→ **The problem**: Pictures aside, copy exactly each line from the one that holds "This bingo card" through the last line of the records below.

→ **Data to examine**:

_____

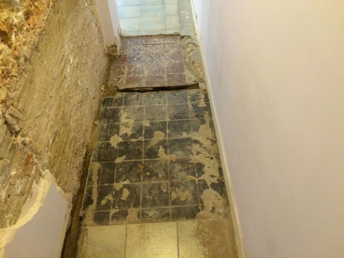 De gang moet straks een langzaam oplopend recht vlak worden. Ik was vorige week al begonnen met het weghakken van de meest vreemde hobbels, en heb dat werkje nu afgemaakt. Eén van de wanden, die waar ik de muur van heb afgebikt, sloot niet op de vloer aan. Hier en daar kon je tussen de muur en de vloer de diepte inkijken. Daar heb ik nu een hele geul uitgehakt. Op sommige plekken ligt de vloer keurig op het zand, op sommige plekken kun je je hand tussen zand en beton steken. Ik heb besloten om nieuwe materialen toe te passen op een oud fundament: PUR-schuim.
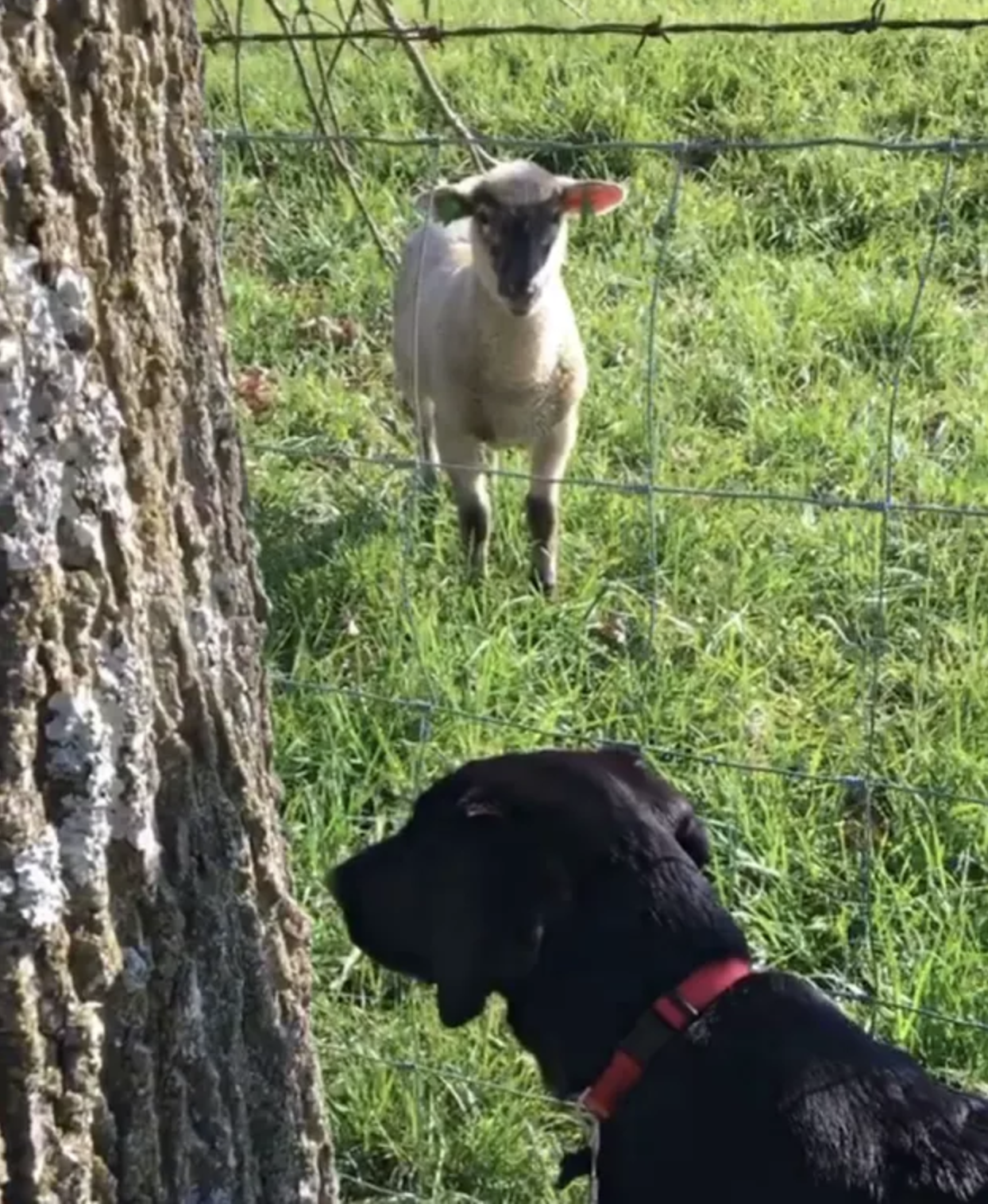 ▼狗狗第一次見到小羊,感覺很好奇。
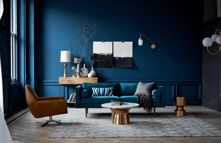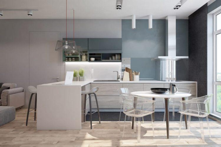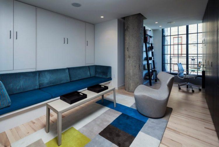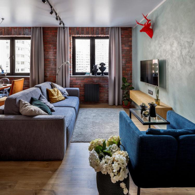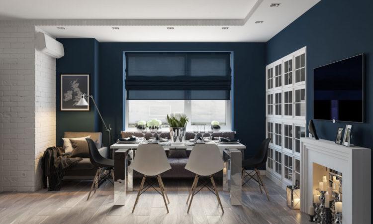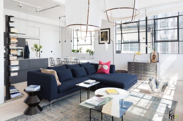 Los expertos señalan que el azul es un color único que combina perfectamente con el estilo loft. Un luminoso y pequeño salón tipo loft decorado en tonos azules contribuye a la relajación y la paz. Además, este color es un símbolo de éxito, confianza en sí mismo y estabilidad. Recientemente, el azul se ha convertido en la tendencia más de moda en el diseño de interiores de salas de estar. Salones en estilo loft en tonos azules en la foto:
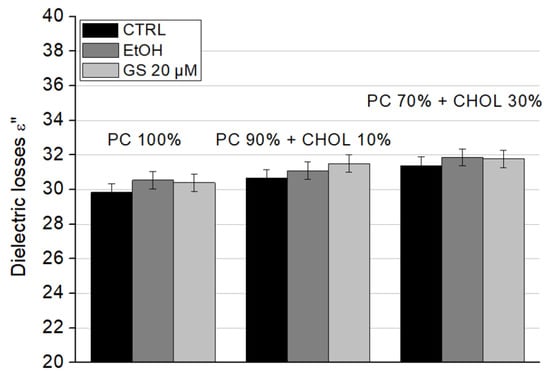 The dielectric losses (ε″) showed a slight increase due to GS; however, this change was not significant for any liposome type (
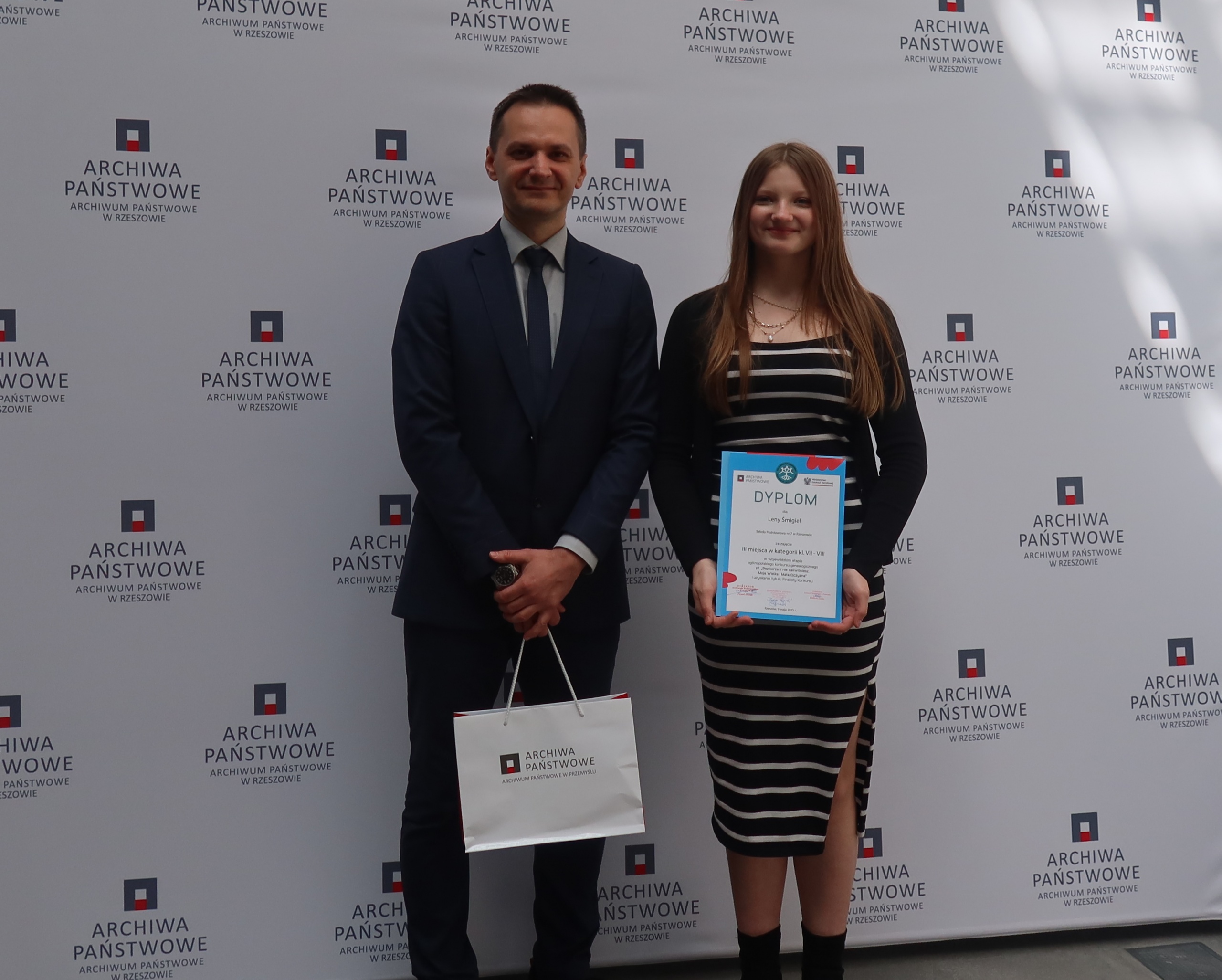 W gali podsumowującej konkurs wzięła udział nie tylko Lena Śmigiel wraz z rodzicem i opiekunem, ale także liczna reprezentacja naszej szkoły: uczennice z klas 4b, 7a i 7b. Galę prowadził dyrektor Archiwum Państwowego w Rzeszowie, pan Paweł Dudek i pracownicy tej instytucji. Nagrody i dyplomy finalistom konkursu, osobom wyróżnionym oraz ich opiekunom wręczali także przedstawiciele Urzędu Miasta Rzeszowa oraz Kuratorium Oświaty w Rzeszowie. Po części oficjalnej każdy uczestnik mógł podzielić się swoimi doświadczeniami z udziału w konkursie. Wykonano także pamiątkowe zdjęcie. Niewątpliwą atrakcją tego wydarzenia było zwiedzanie Archiwum Państwowego. Uczniowie przekonali się, że jego zasoby kryją wiele skarbów, a praca w tej instytucji może być nie tylko pożyteczna, ale i ciekawa.
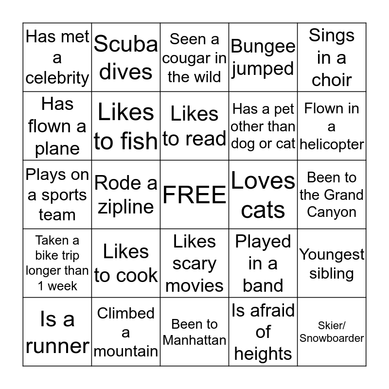 This bingo card has a free space and 24 words: Likes to cook, Climbed a mountain, Likes to read, Is a runner, Sings in a choir, Has met a celebrity, Has flown a plane, Scuba dives, Loves cats, Likes scary movies, Has a pet other than dog or cat, Plays on a sports team, Played in a band, Youngest sibling, Likes to fish, Is afraid of heights, Been to the Grand Canyon, Seen a cougar in the wild, Flown in a helicopter, Rode a zipline, Skier/ Snowboarder, Taken a bike trip longer than 1 week, Bungee jumped and Been to Manhattan.
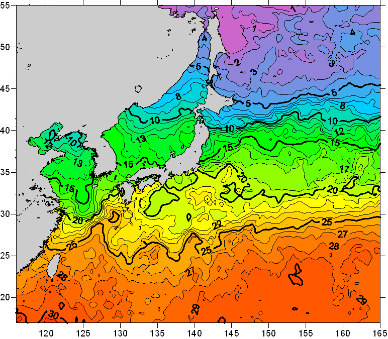 o 2008년 05월 12일 북서태평양 광역해양 수온분포 입니다. o 아래 위성 수온분포도는 국립수산과학원(NFRDI, Korea)과 일본동북대학교(Tohoku University, Japan)가 공동연구개발 진행중, 1차 연구결과인 것으로 구름의 영향을 배제한 신기술의 수온정보입니다.

_____

→ **Solution below**:
 This bingo card has a free space and 24 words: Likes to cook, Climbed a mountain, Likes to read, Is a runner, Sings in a choir, Has met a celebrity, Has flown a plane, Scuba dives, Loves cats, Likes scary movies, Has a pet other than dog or cat, Plays on a sports team, Played in a band, Youngest sibling, Likes to fish, Is afraid of heights, Been to the Grand Canyon, Seen a cougar in the wild, Flown in a helicopter, Rode a zipline, Skier/ Snowboarder, Taken a bike trip longer than 1 week, Bungee jumped and Been to Manhattan.
 o 2008년 05월 12일 북서태평양 광역해양 수온분포 입니다. o 아래 위성 수온분포도는 국립수산과학원(NFRDI, Korea)과 일본동북대학교(Tohoku University, Japan)가 공동연구개발 진행중, 1차 연구결과인 것으로 구름의 영향을 배제한 신기술의 수온정보입니다.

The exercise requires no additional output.